++++ Records shown ++++

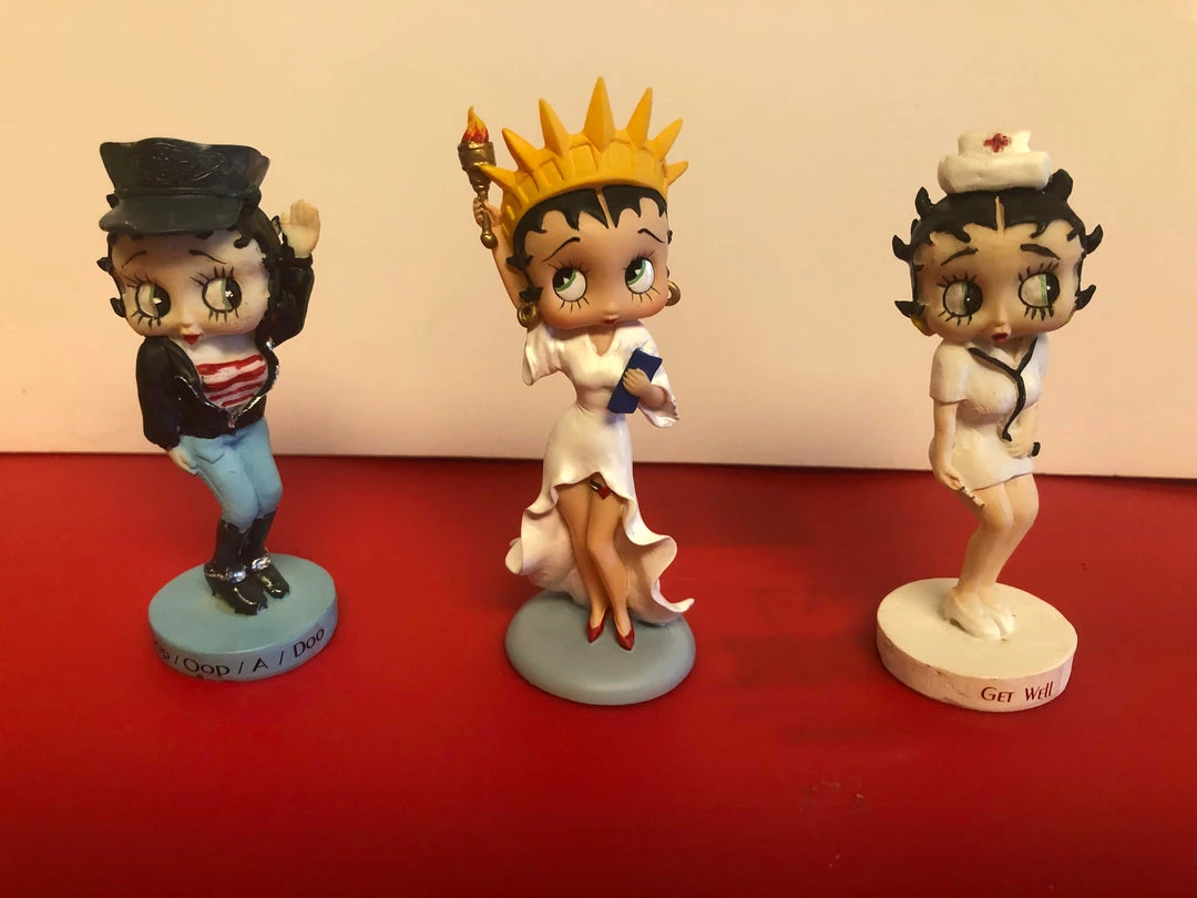 This set contains 1 Biker Betty figurine 3 1/2″ , 1 Lady Liberty Betty figurine 4″ and 1 Nurse Betty 3 1/2″. All in a box.
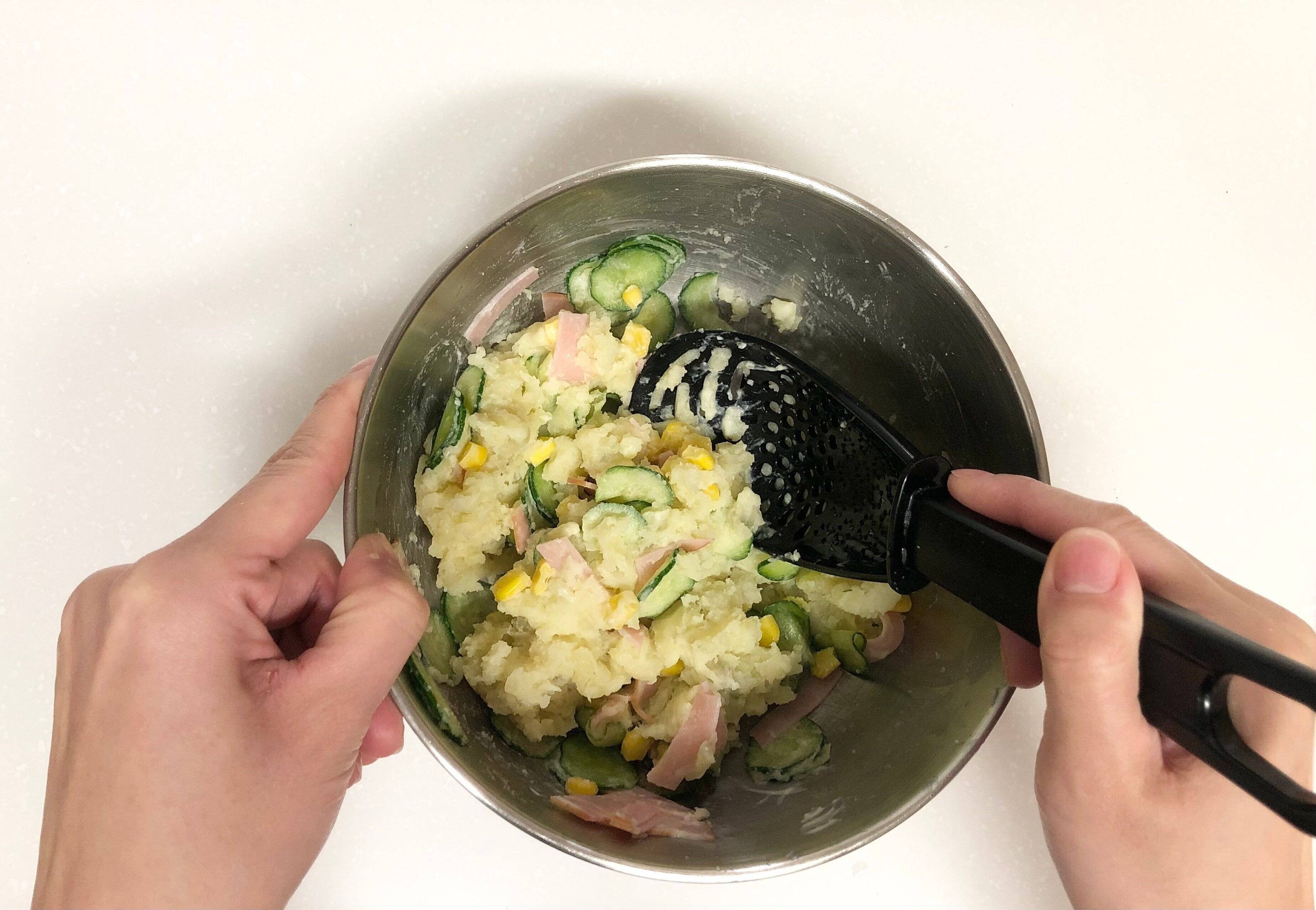 次は先程じゃがいもを潰したので、ポテトサラダをつくってみました。ポテトサラダをつくるとき、ふだんならマッシャーを使ってからヘラなどに交換してから混ぜるんですが、これ1本でそのままスムーズに行えるのがとっても便利!
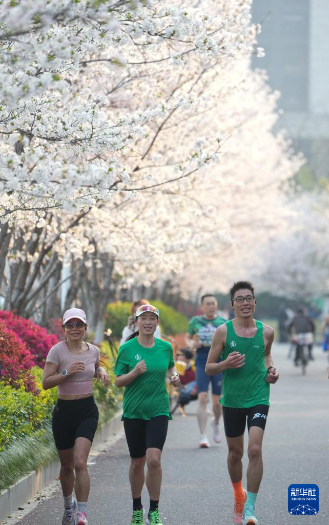 3月26日,人们在樱花跑道晨跑。
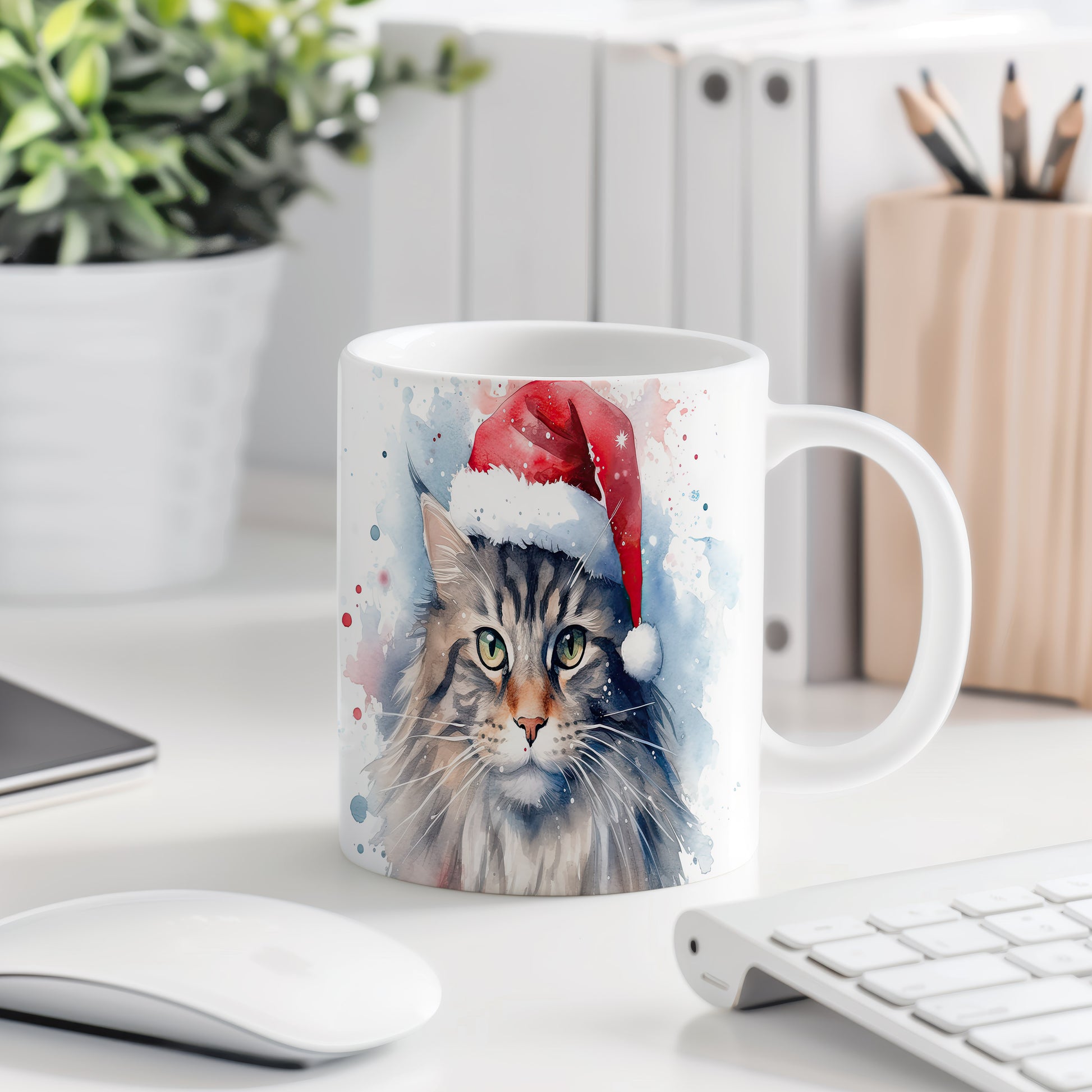 Hrnek s motivem kočky v čepici Santa přináší vánoční atmosféru a radost. Je ideální pro milovníky koček a skvělý tip na dárek pro přátele či rodinu. Materiál: keramika. Objem: 330 ml. Vhodné do myčky i mikrovlnky. Tento hrnek vám zajistí, že vaše oblíbené nápoje budou vždy v bezpečí a stylově servírované.
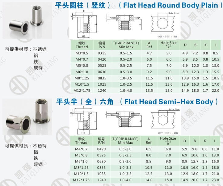 平头半(全)六角铆螺母
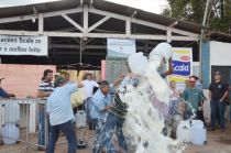 O tradicional banho de leite nos vencedores do Torneio Leiteiro no Parque de Exposição
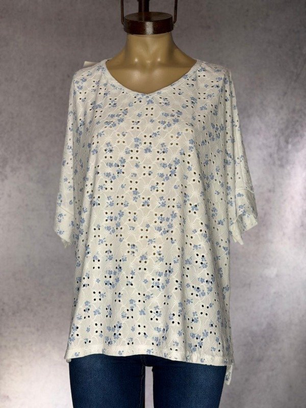 REMERON BLANCO Y CELESTE BRODERIE FLOREADO
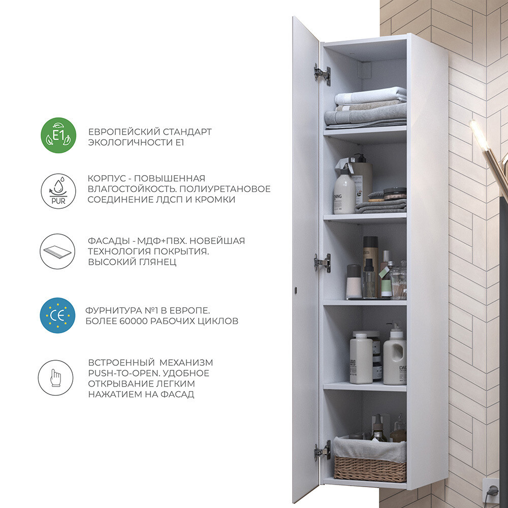 Шкаф навесной Glem 350 выполнен из качественных материалов, что обеспечивает долгий срок службы изделия.

++++

- [Goal of the exercise] Give the listing again word for word. Skip any pictures.

- [Result of this exercise]
 This set contains 1 Biker Betty figurine 3 1/2″ , 1 Lady Liberty Betty figurine 4″ and 1 Nurse Betty 3 1/2″. All in a box.
 次は先程じゃがいもを潰したので、ポテトサラダをつくってみました。ポテトサラダをつくるとき、ふだんならマッシャーを使ってからヘラなどに交換してから混ぜるんですが、これ1本でそのままスムーズに行えるのがとっても便利!
 3月26日,人们在樱花跑道晨跑。
 Hrnek s motivem kočky v čepici Santa přináší vánoční atmosféru a radost. Je ideální pro milovníky koček a skvělý tip na dárek pro přátele či rodinu. Materiál: keramika. Objem: 330 ml. Vhodné do myčky i mikrovlnky. Tento hrnek vám zajistí, že vaše oblíbené nápoje budou vždy v bezpečí a stylově servírované.
 平头半(全)六角铆螺母
 O tradicional banho de leite nos vencedores do Torneio Leiteiro no Parque de Exposição
 REMERON BLANCO Y CELESTE BRODERIE FLOREADO
 Шкаф навесной Glem 350 выполнен из качественных материалов, что обеспечивает долгий срок службы изделия.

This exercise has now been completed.